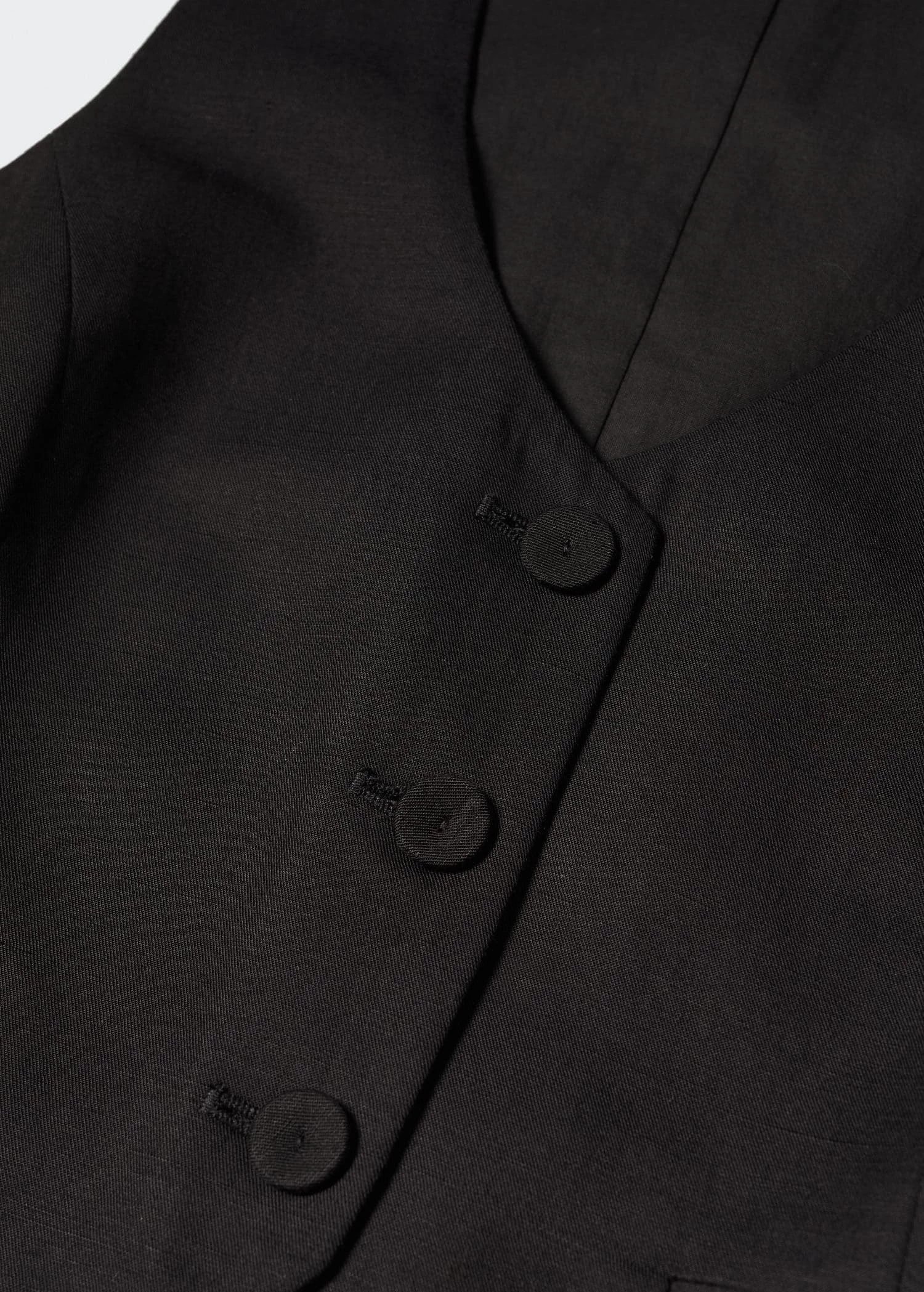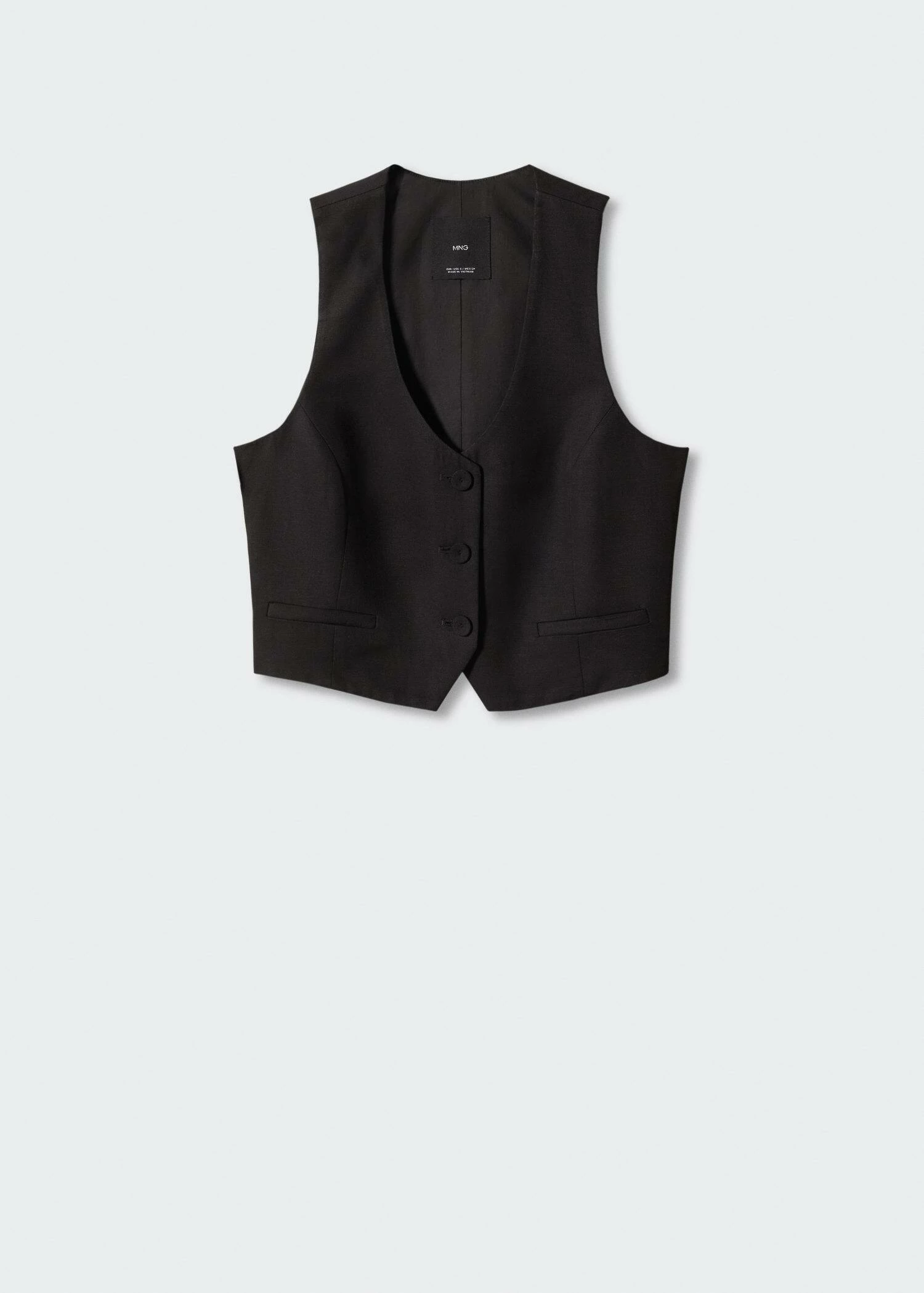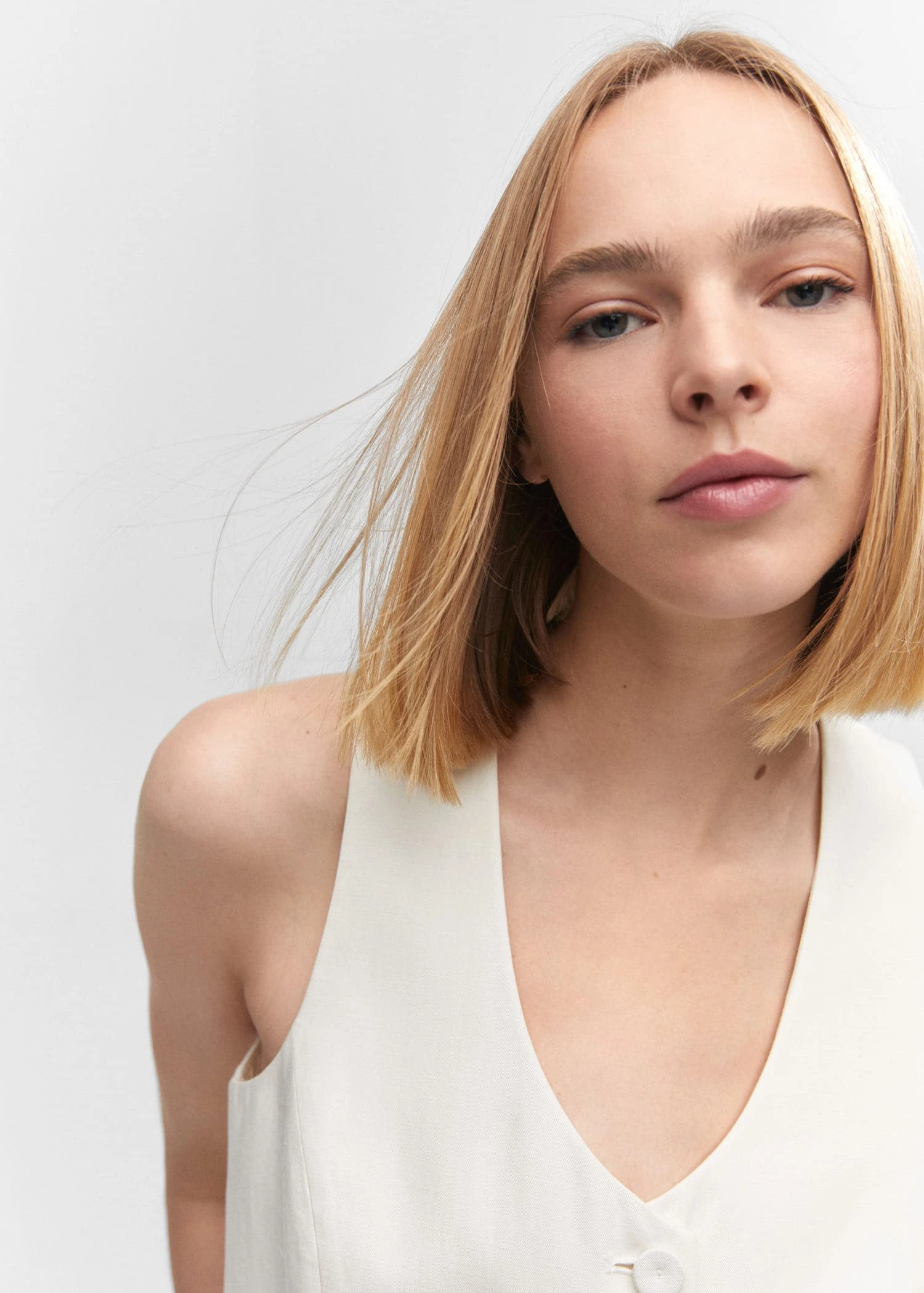 tissu fluide, ajuste, coupe courte, col en v, sans manches, deux poches passepoilees a l’avant, fermeture boutonnee sur le devant, doublure, total lookComposition: 61% viscose,28% lin,11% coton. Doublure: 100% coton
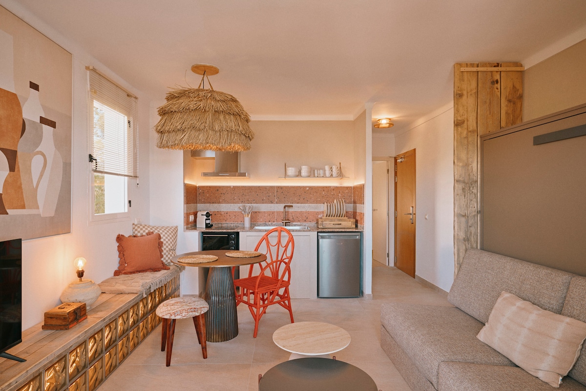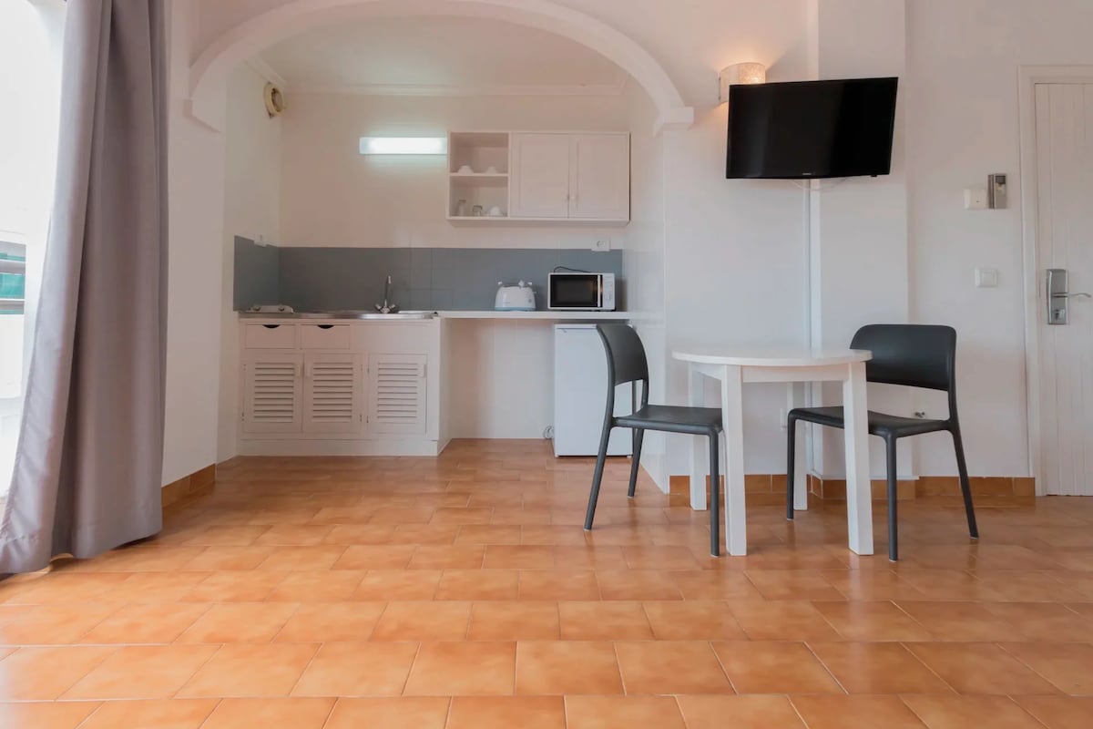 Studio på ca. 18 kvm, ljus och bekväm, med privat balkong, bara 350 m från stranden i hjärtat av Santa Eulalia. Rymmer upp till 3 gäster (2 enkelsängar + 1 hopfällbar säng). HUSDJUR tillåtna på begäran mot extra kostnad Utrustning med luftkonditionering, gratis Wi-Fi, TV, privat badrum och utomhusbalkong. Boende UTAN KÖK (ingen spis eller pentry). Gångavstånd till restauranger, butiker och promenad. Vissa rum har dusch, andra har badkar – tilldelas slumpmässigt vid incheckning.
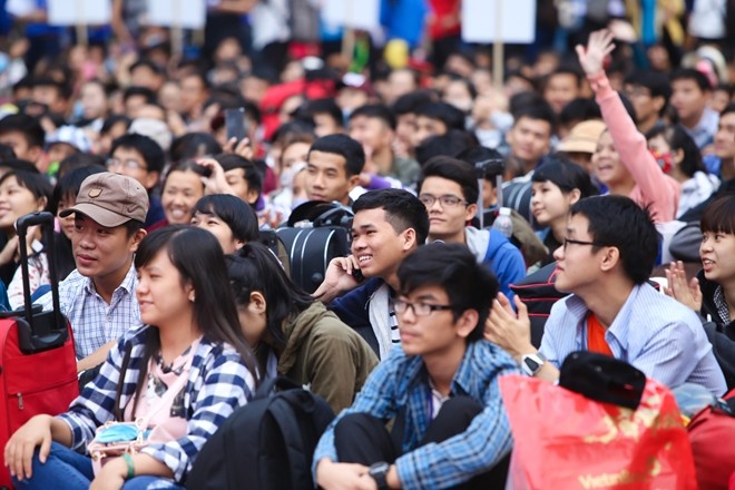 | Sinh viên tập trung để về quê dịp Tết. Đây là mơ ước của không ít du học sinh ngày cuối năm. |
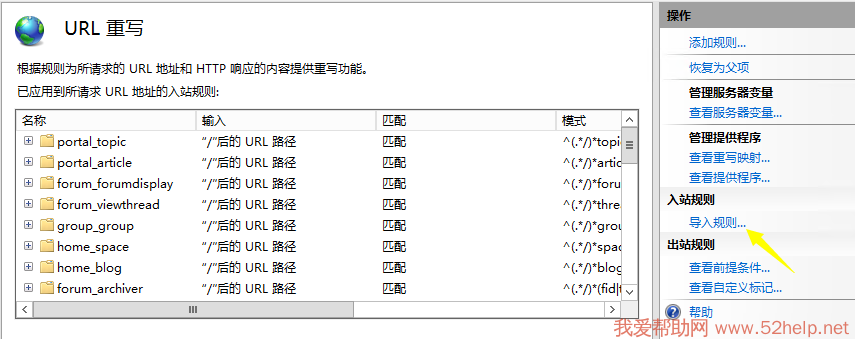 打开后,选择导入规则,再选择你原来的httpd.ini文件,导入
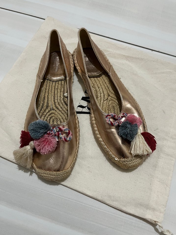 Pembe renkte, dolgu topuklu espadriller. Nakışlı detaylar ve renkli püsküllerle süslenmiş, kauçuk tabanlı günlük kullanıma uygun.
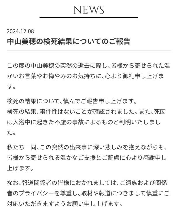 今天中山美穗所属的经纪公司公开了尸检结果。
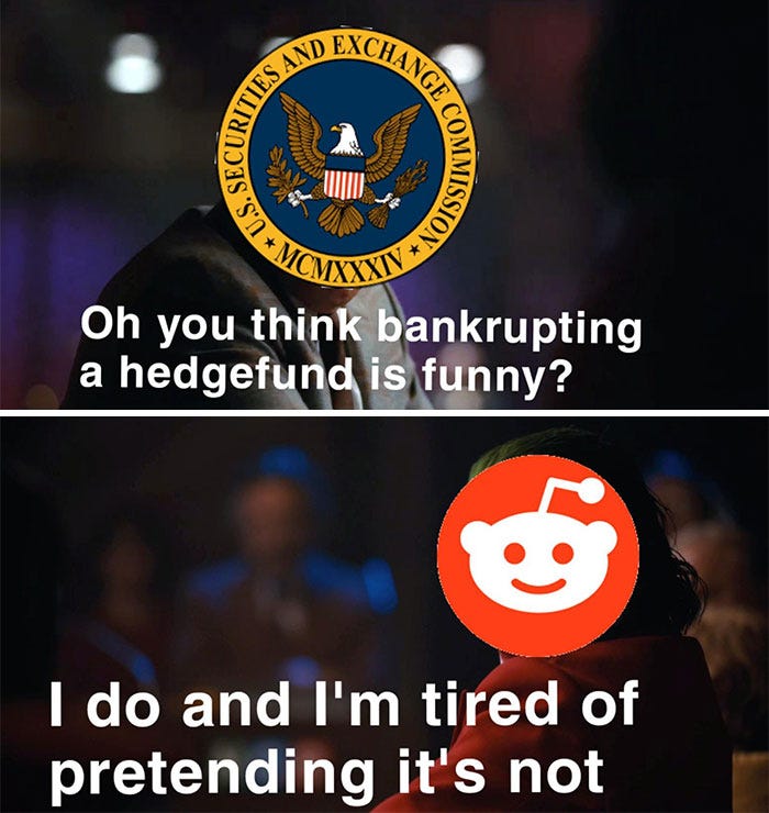 La segunda ironía está en el término mismo con el que los integrantes del foro Wall Street Bets definieron su accionar: ¨Compra Irónica¨. ¨No lo hacemos por el dinero, lo hacemos para enviar el mensaje¨, dicen, utilizando una cita de El Guasón en El Caballero Oscuro.

•••

PROBLEM DETAILS = Leaving the images behind, set down every entry word for word.

EXPECTED ANSWER =
 tissu fluide, ajuste, coupe courte, col en v, sans manches, deux poches passepoilees a l’avant, fermeture boutonnee sur le devant, doublure, total lookComposition: 61% viscose,28% lin,11% coton. Doublure: 100% coton
 Studio på ca. 18 kvm, ljus och bekväm, med privat balkong, bara 350 m från stranden i hjärtat av Santa Eulalia. Rymmer upp till 3 gäster (2 enkelsängar + 1 hopfällbar säng). HUSDJUR tillåtna på begäran mot extra kostnad Utrustning med luftkonditionering, gratis Wi-Fi, TV, privat badrum och utomhusbalkong. Boende UTAN KÖK (ingen spis eller pentry). Gångavstånd till restauranger, butiker och promenad. Vissa rum har dusch, andra har badkar – tilldelas slumpmässigt vid incheckning.
 | Sinh viên tập trung để về quê dịp Tết. Đây là mơ ước của không ít du học sinh ngày cuối năm. |
 打开后,选择导入规则,再选择你原来的httpd.ini文件,导入
 Pembe renkte, dolgu topuklu espadriller. Nakışlı detaylar ve renkli püsküllerle süslenmiş, kauçuk tabanlı günlük kullanıma uygun.
 今天中山美穗所属的经纪公司公开了尸检结果。
 La segunda ironía está en el término mismo con el que los integrantes del foro Wall Street Bets definieron su accionar: ¨Compra Irónica¨. ¨No lo hacemos por el dinero, lo hacemos para enviar el mensaje¨, dicen, utilizando una cita de El Guasón en El Caballero Oscuro.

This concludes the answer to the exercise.